Beneath this instruction is a listing. Transcribe from it only the stretch from the line with "Serang//trans24.id – Polda" through the line with "Çocukların düzenli bir", both end lines included, exactly as written.

START Information supplied

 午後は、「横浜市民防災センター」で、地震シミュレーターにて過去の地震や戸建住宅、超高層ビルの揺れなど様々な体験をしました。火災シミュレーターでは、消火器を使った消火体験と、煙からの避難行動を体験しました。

END Information supplied
START Information supplied

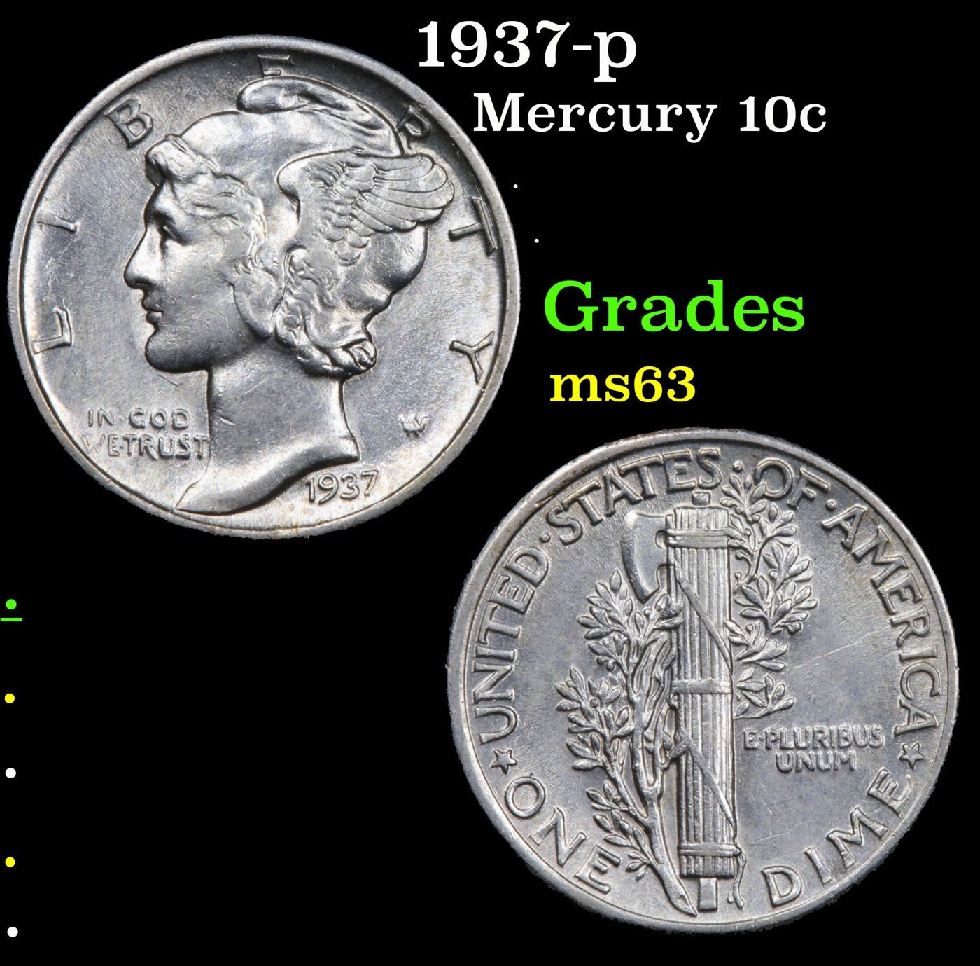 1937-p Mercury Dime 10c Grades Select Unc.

END Information supplied
START Information supplied

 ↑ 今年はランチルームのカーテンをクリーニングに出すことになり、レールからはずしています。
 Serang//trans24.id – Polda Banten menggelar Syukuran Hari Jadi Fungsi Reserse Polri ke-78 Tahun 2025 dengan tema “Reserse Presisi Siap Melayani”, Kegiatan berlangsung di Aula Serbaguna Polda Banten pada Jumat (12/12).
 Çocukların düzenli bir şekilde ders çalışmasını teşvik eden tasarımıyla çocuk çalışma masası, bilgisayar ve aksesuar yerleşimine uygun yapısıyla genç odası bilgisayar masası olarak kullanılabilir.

END Information supplied

Response to the task
 Serang//trans24.id – Polda Banten menggelar Syukuran Hari Jadi Fungsi Reserse Polri ke-78 Tahun 2025 dengan tema “Reserse Presisi Siap Melayani”, Kegiatan berlangsung di Aula Serbaguna Polda Banten pada Jumat (12/12).
 Çocukların düzenli bir şekilde ders çalışmasını teşvik eden tasarımıyla çocuk çalışma masası, bilgisayar ve aksesuar yerleşimine uygun yapısıyla genç odası bilgisayar masası olarak kullanılabilir.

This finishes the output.